Le lagerstätte de La Voulte-sur-Rhône est un gisement paléontologique de référence internationale, situé en France et réputé pour l’extraordinaire conservation des fossiles d'animaux marins datés du Jurassique moyen.

Fossile de Vampyronassa rhodanica (espèce éteinte de calmar vampire) du Callovien (Jurassique moyen), Voulte-sur-Rhône. Apparaissent également en arrière-plan une crevette (peut-être Aeger brevirostris) et au-dessus le bivalve Bositra buchii.

Historique

Le site se localise sur le territoire des communes de La Voulte-sur-Rhône et de Rompon, il correspond à l’ancienne exploitation minière de fer. Au cours du XIXe siècle, on extrayait jusqu’à 60 000 tonnes de minerai par an d’une vaste lentille d’environ 240 m de longueur et 50 m de largeur. C’est à cette époque que l’on découvre les premiers fossiles de crustacés et de poissons dans des nodules (concrétions sphériques ou ovales).

J. Fournet, en 1843, donne une première description du gisement dans une étude sur les terrains jurassiques et les minerais de fer de l’Ardèche.
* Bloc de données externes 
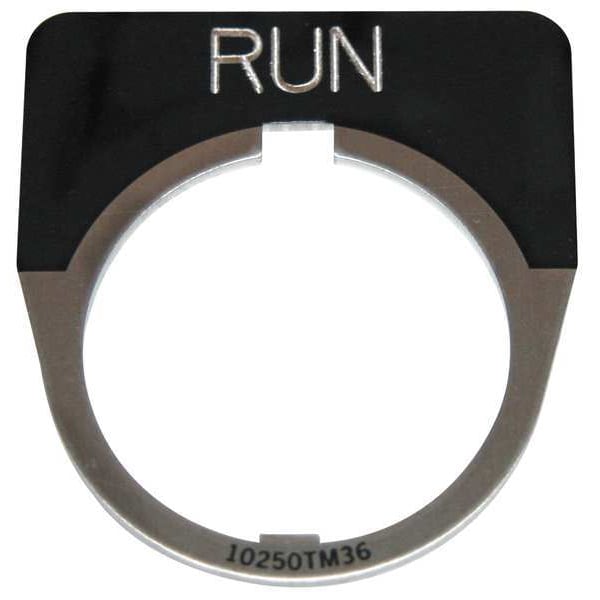 Legend Plate, Half-Round, Legend Run, For Use With 30.5mm Pushbutton Operators and Indicating Lights, Legend/Background Color Black, Material Aluminum, Height 1.75 in, Width 1.75 in, Diameter 30 mm

Le site fossilifère de La Voulte-sur-Rhône a fait par la suite l’objet de plusieurs études scientifiques ponctuelles et limitées à la description de quelques groupes zoologiques.

En 1967, une étude de Serge Elmi de l’Université Lyon I date précisément le gisement à l’aide des ammonites[1] ; le gisement fossilifère de La Voulte-sur-Rhône est daté du Jurassique moyen (Callovien inférieur, soit environ 165 millions d’années[2]). Des amateurs allemands viennent de temps en temps pour essayer de trouver la pièce rare, mais peu à peu le site tombe presque totalement dans l’oubli. L’extraction des fossiles est de plus en plus difficile en raison du fort redressement (pendage) des couches fossilifères (près de 70°).

En 1973, les recherches sont reprises par Bernard Riou, paléontologue diplômé de l'école pratique des hautes études de la Sorbonne, avec l'autorisation du propriétaire du terrain où se situe le gisement. Bernard Riou découvre de nombreux fossiles dont celui du plus ancien octopode connu à ce jour[3].

Bernard Riou créé en 1989, à la Voulte-sur-Rhône, un Musée de paléontologie qui permettra à près de 200 000 visiteurs de découvrir, entre autres, de nombreux spécimens issus du laggerstätte. En 2006, après 18 ans d’existence, le musée ferme ses portes, victime de son succès... les locaux étaient devenus trop exigus. Il a rouvert en 2016 à Balazuc, dans le sud du département de l'Ardèche.

En 1996, Bernard Riou publie un important ouvrage sur le volcanisme de l’Ardèche : Ardèche, terre de volcans où pour la première fois il présente une hypothèse sur les raisons de la richesse du site fossilifère de La Voulte-sur-Rhône, et ce à la suite d'un travail en commun avec des chercheurs anglais de l’Université de Bristol[4].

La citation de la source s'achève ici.